Task requirements
Copy every record word for word. Pictures are not part of the copy.

····················

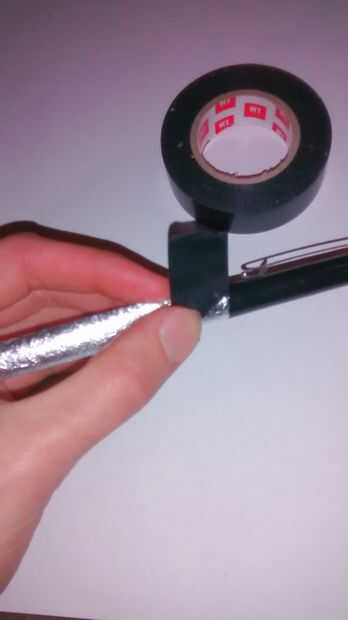 • Tome cualquier objeto cilíndrico, como una pluma y envolver en papel de aluminio alrededor de él. Cinta adhesiva segura.
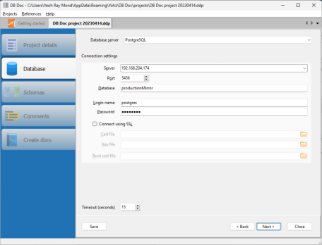 Click on the Next button. Enter the details of the PostgreSQL database you want to connect to and create documentation for.
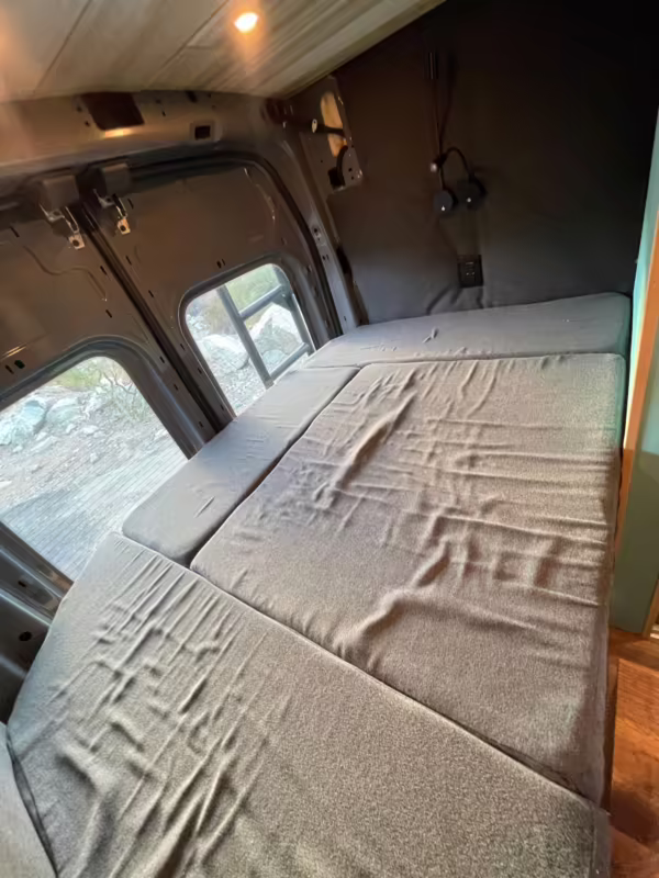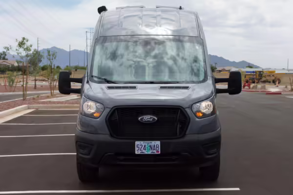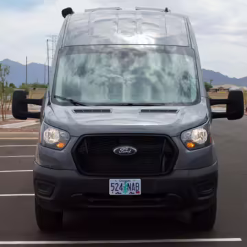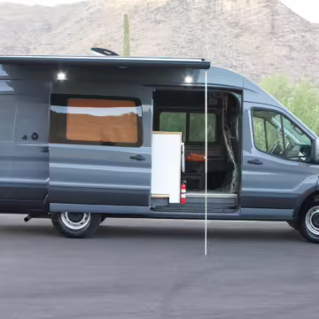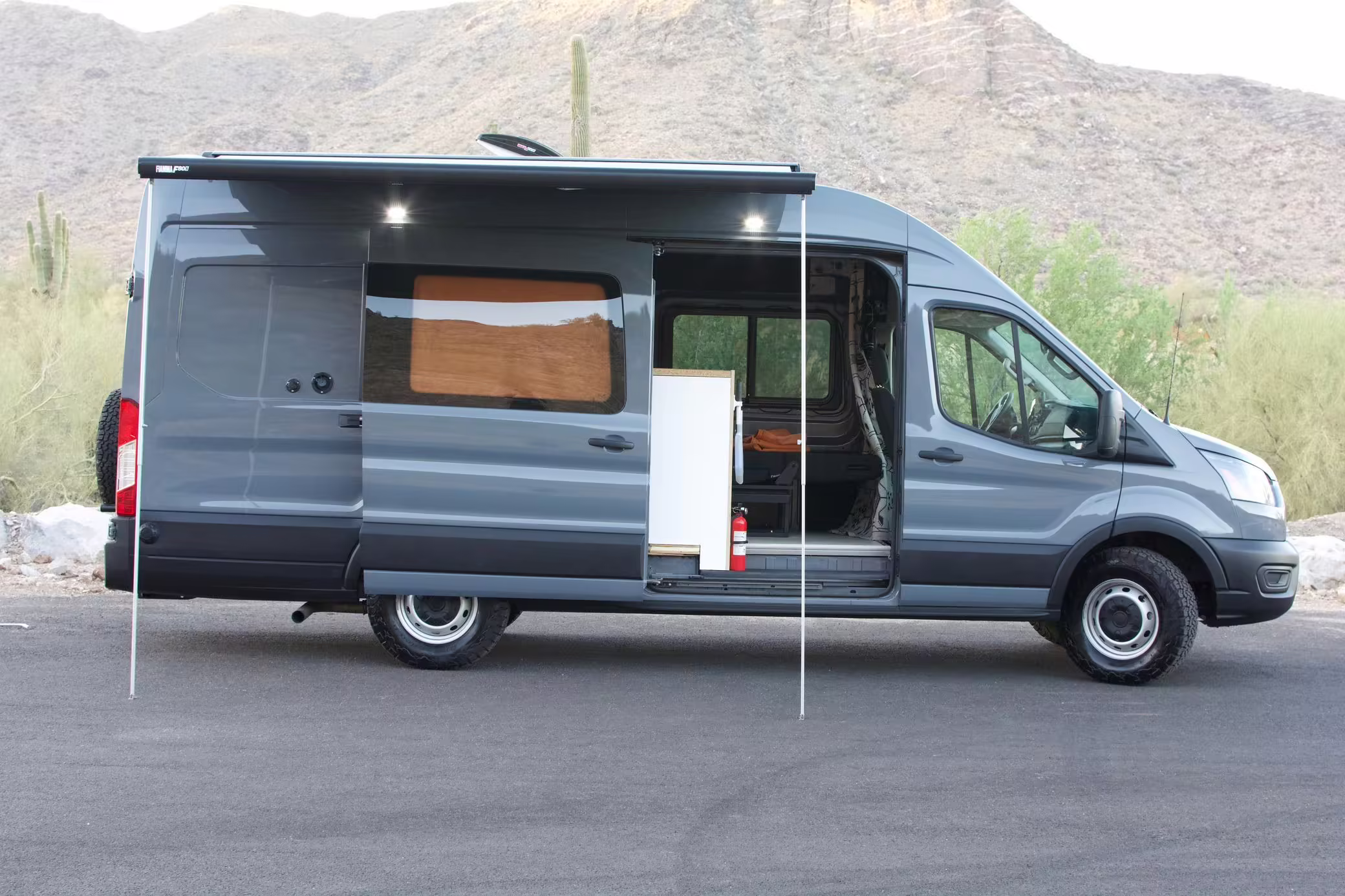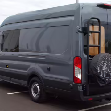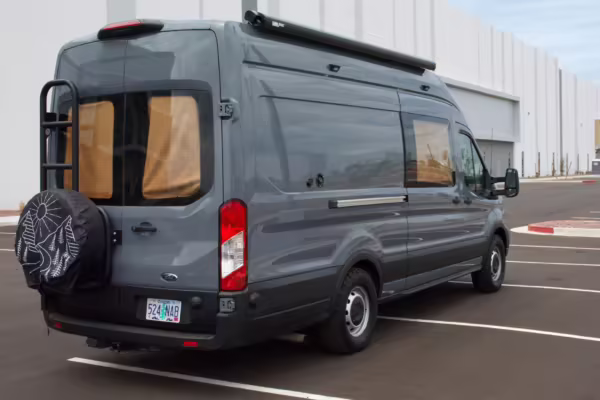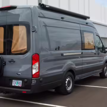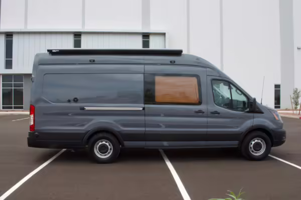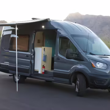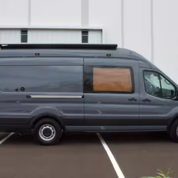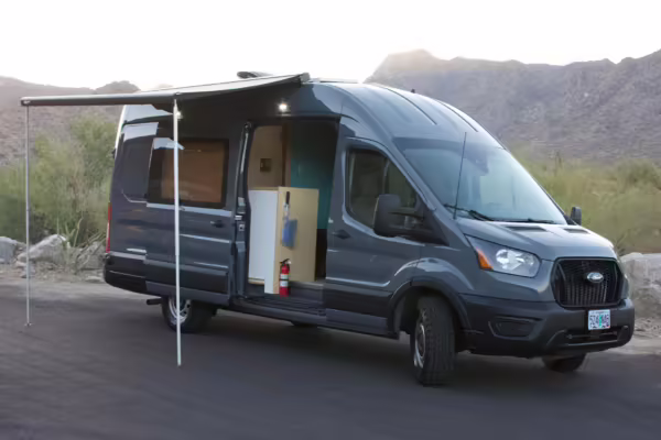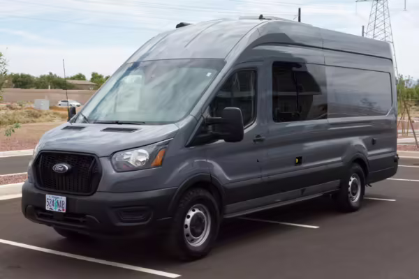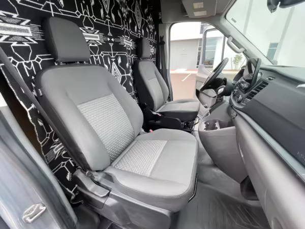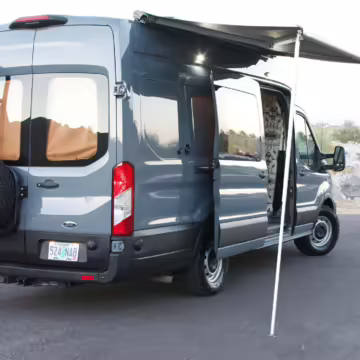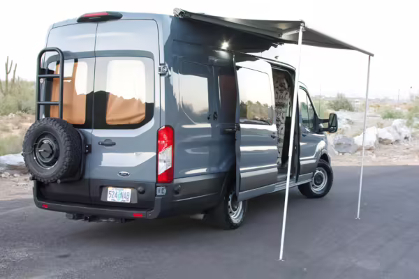 This Transit has been converted to a custom camper van. Modifications reported by the seller include 2 100-watt solar panels, a 12.5-foot wide and 7-foot extending Fiamma F80s awning, a rear sleeping and dining area with convertible 6-foot queen-size bed, a 6-drawer kitchen galley with hold-down straps, a CAN Campervan two-burner propane cooktop with sink, and more as detailed below.
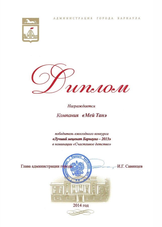 - Компания МейТан награждена почетной грамотой Администрации Алтайского края «За оказание благотворительной помощи Алтайской краевой клинической детской больнице».
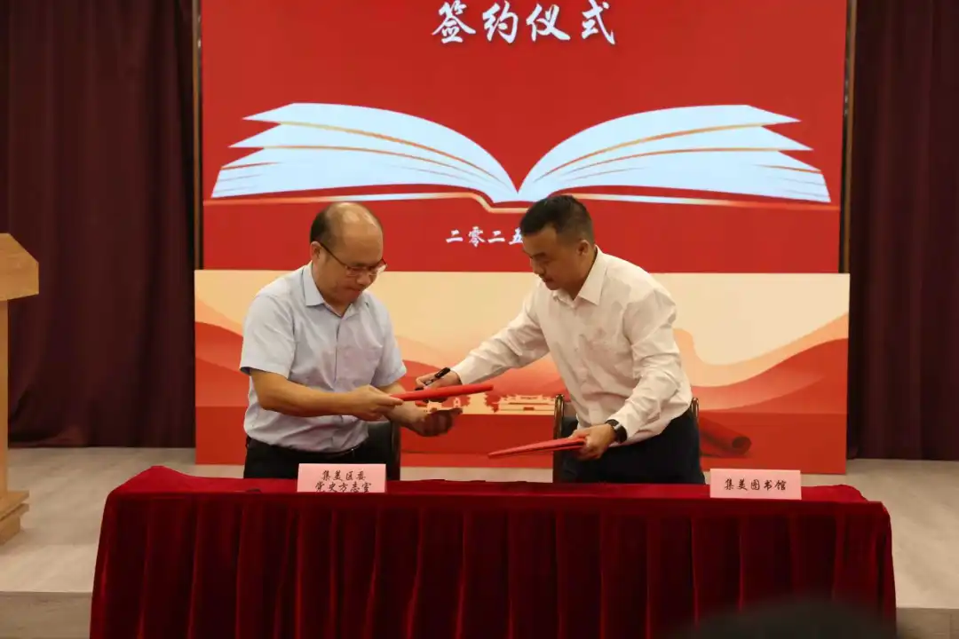 揭牌仪式后,中共集美区委党史和地方志研究室和集美图书馆现场签订了《联合建立“集美方志驿站”合作协议》。今后,双方将继续收集整理各地的志书及部分有地域特色的方志文献,扎实开展好文献信息服务,力争将方志驿站打造成为收藏方志典籍、传播方志文化的坚实阵地。
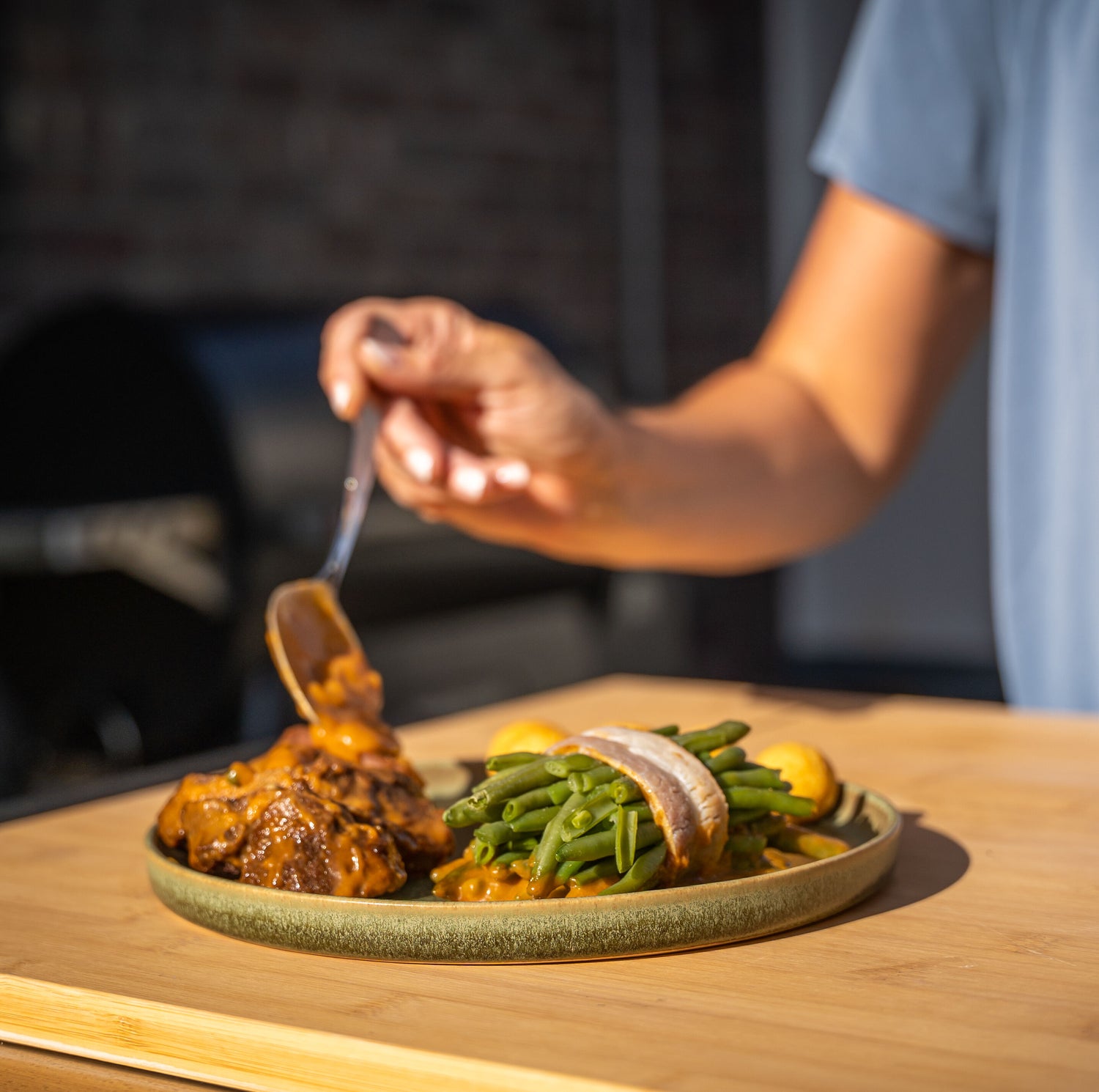 Gourmet-Menü mit Steak, Bohnen, Käsebällchen und Soße auf einem weißen Teller, neben Besteck und Rotwein.
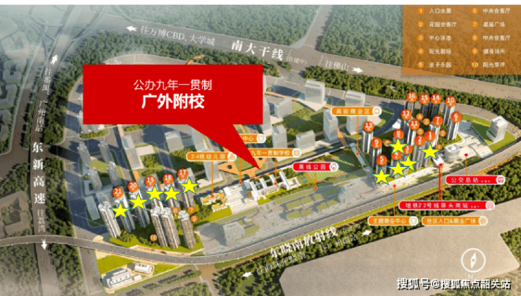 项目内配建了一所27班幼儿园和一所公办九年一贯制广外附校,解决了家长对孩子教育的后顾之忧。广外附校作为广州“三巨头”之一,在外语教育方面有着卓越的表现,其民办学校的学费通常在4-6万元/年。而在星瀚TOD,由于学校性质为公办,这意味着业主的孩子将享受到免费的优质教育资源,节省了大量的教育费用。
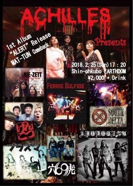 2018年2月25日(日) 新大久保アースダム http://www1.odn.ne.jp/shinjuku-dom/index.html/dom.html ACHILLES presents 「ALERT」release &MAT-TUN comeback GIG OPEN 17:20 START 17:40 charge \2000+1drink 〈出演〉 17:40〜18:05 NIE-ZETT 18:15〜18:40 プラズマ 18:50〜19:15 げんこつ 19:25〜19:50 Southdelta 20:00〜20:25 穴虎69 20:35〜21:00 Ferric Sulfide 21:10〜21:35 APOROGIST 21:45〜22:20 ACHILLES
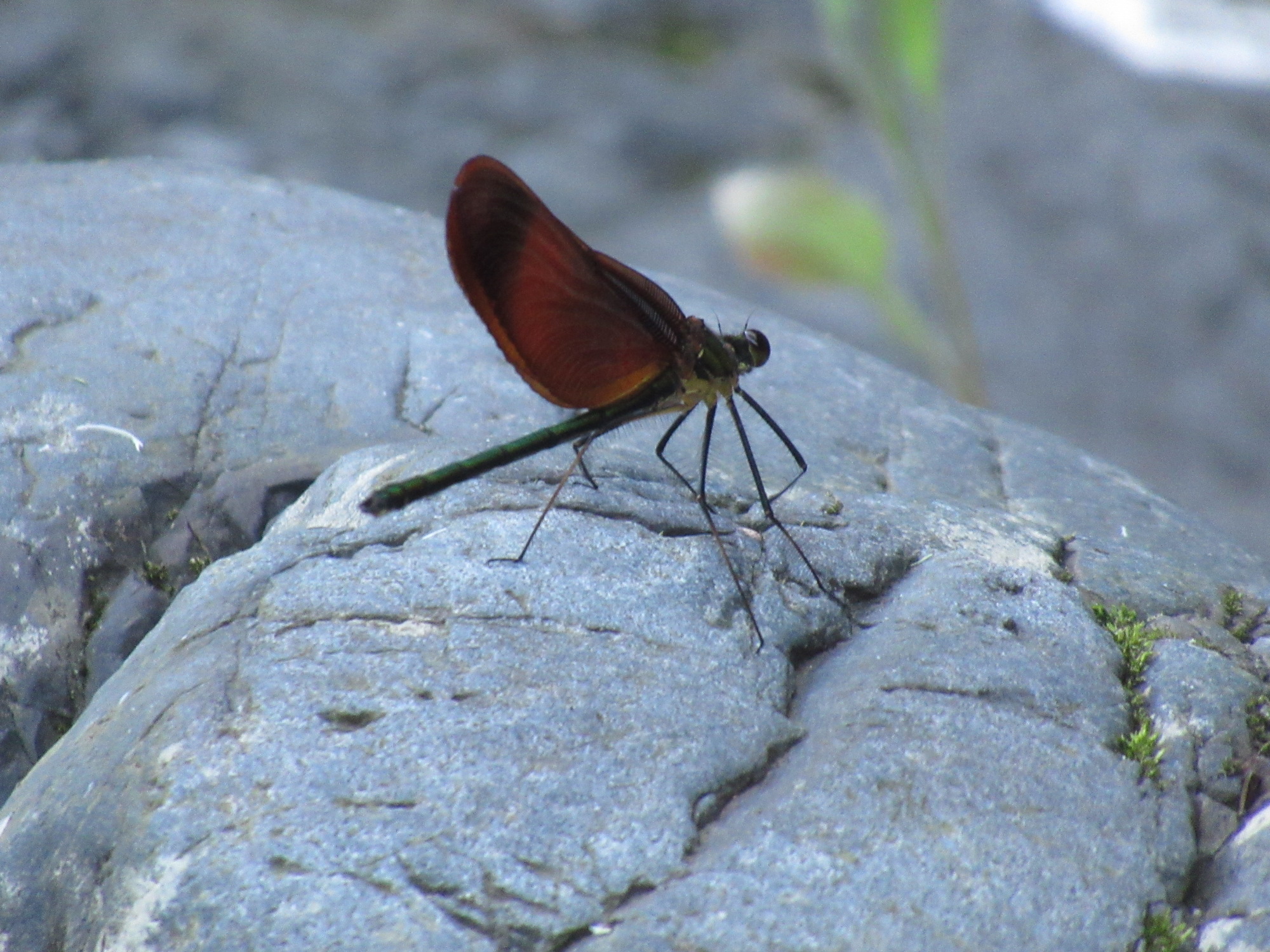 降りてみたら・・・ミヤマカワトンボの・・白斑のあるのはメスの様です。
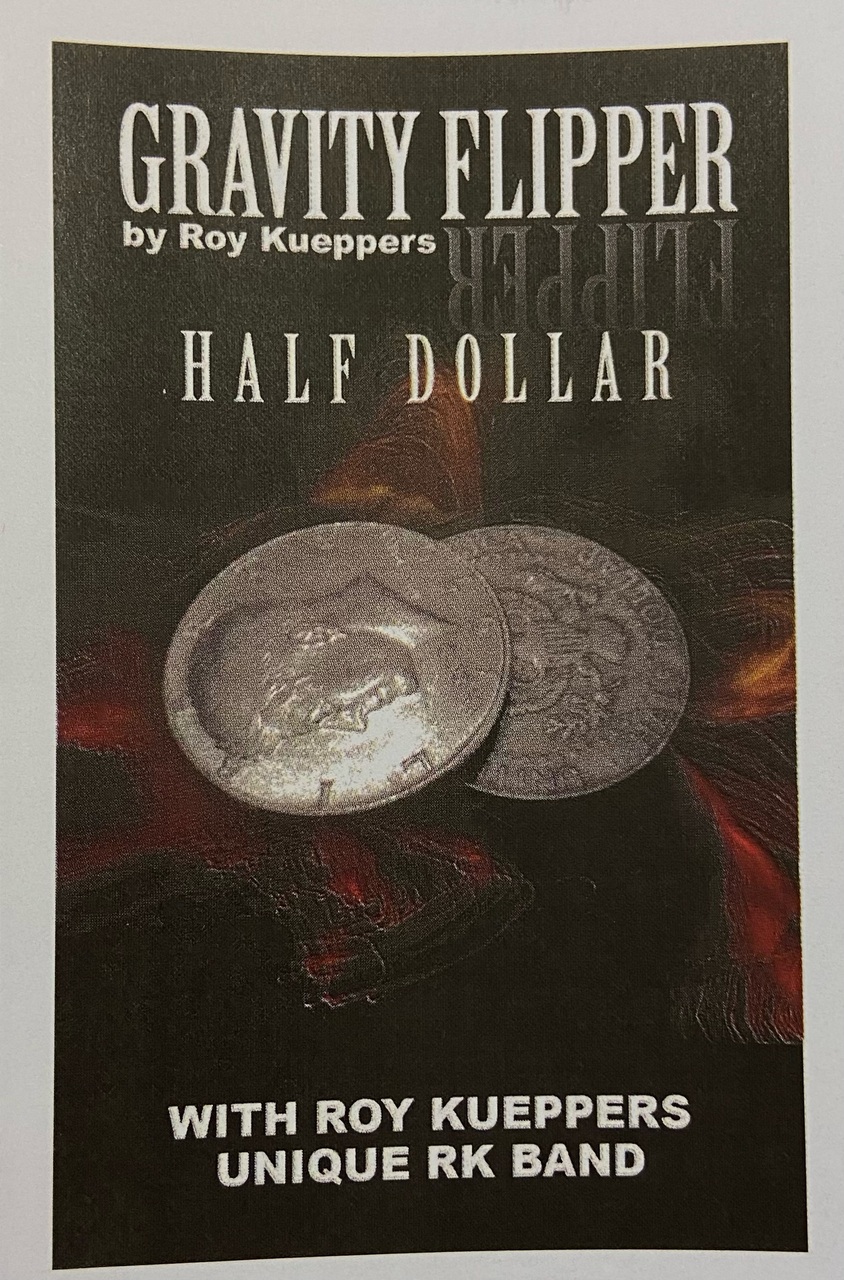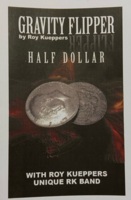 This Flipper coin features my new "RK Band". Its been created and manufactured by Roy Kueppers. These bands have a shelf life of 40 plus years without deteriorating. Meaning that if it sits or is stored for an Extended period of time such as in a Magic shop, Dresser Drawer, Pocket, on a shelf or even Extreme Heat or cold etc it will remain in its original condition. Nothing bothered me more than pulling out my flipper or folding coin and finding that the band was deteriorated which sometimes even crystalized after sitting for a period of time. Even the spare bands were useless as they naturally dried out in the same amount of time. There had to be an answer and this is it.
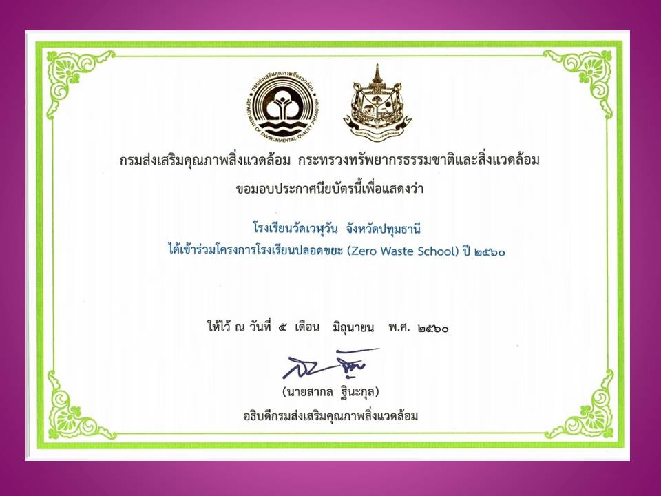 รางวัลและผลงานของโรงเรียน (เข้าร่วมโรงเรียนปลอดขยะ)

····················

Solution below
 • Tome cualquier objeto cilíndrico, como una pluma y envolver en papel de aluminio alrededor de él. Cinta adhesiva segura.
 Click on the Next button. Enter the details of the PostgreSQL database you want to connect to and create documentation for.
 This Transit has been converted to a custom camper van. Modifications reported by the seller include 2 100-watt solar panels, a 12.5-foot wide and 7-foot extending Fiamma F80s awning, a rear sleeping and dining area with convertible 6-foot queen-size bed, a 6-drawer kitchen galley with hold-down straps, a CAN Campervan two-burner propane cooktop with sink, and more as detailed below.
 - Компания МейТан награждена почетной грамотой Администрации Алтайского края «За оказание благотворительной помощи Алтайской краевой клинической детской больнице».
 揭牌仪式后,中共集美区委党史和地方志研究室和集美图书馆现场签订了《联合建立“集美方志驿站”合作协议》。今后,双方将继续收集整理各地的志书及部分有地域特色的方志文献,扎实开展好文献信息服务,力争将方志驿站打造成为收藏方志典籍、传播方志文化的坚实阵地。
 Gourmet-Menü mit Steak, Bohnen, Käsebällchen und Soße auf einem weißen Teller, neben Besteck und Rotwein.
 项目内配建了一所27班幼儿园和一所公办九年一贯制广外附校,解决了家长对孩子教育的后顾之忧。广外附校作为广州“三巨头”之一,在外语教育方面有着卓越的表现,其民办学校的学费通常在4-6万元/年。而在星瀚TOD,由于学校性质为公办,这意味着业主的孩子将享受到免费的优质教育资源,节省了大量的教育费用。
 2018年2月25日(日) 新大久保アースダム http://www1.odn.ne.jp/shinjuku-dom/index.html/dom.html ACHILLES presents 「ALERT」release &MAT-TUN comeback GIG OPEN 17:20 START 17:40 charge \2000+1drink 〈出演〉 17:40〜18:05 NIE-ZETT 18:15〜18:40 プラズマ 18:50〜19:15 げんこつ 19:25〜19:50 Southdelta 20:00〜20:25 穴虎69 20:35〜21:00 Ferric Sulfide 21:10〜21:35 APOROGIST 21:45〜22:20 ACHILLES
 降りてみたら・・・ミヤマカワトンボの・・白斑のあるのはメスの様です。
 This Flipper coin features my new "RK Band". Its been created and manufactured by Roy Kueppers. These bands have a shelf life of 40 plus years without deteriorating. Meaning that if it sits or is stored for an Extended period of time such as in a Magic shop, Dresser Drawer, Pocket, on a shelf or even Extreme Heat or cold etc it will remain in its original condition. Nothing bothered me more than pulling out my flipper or folding coin and finding that the band was deteriorated which sometimes even crystalized after sitting for a period of time. Even the spare bands were useless as they naturally dried out in the same amount of time. There had to be an answer and this is it.
 รางวัลและผลงานของโรงเรียน (เข้าร่วมโรงเรียนปลอดขยะ)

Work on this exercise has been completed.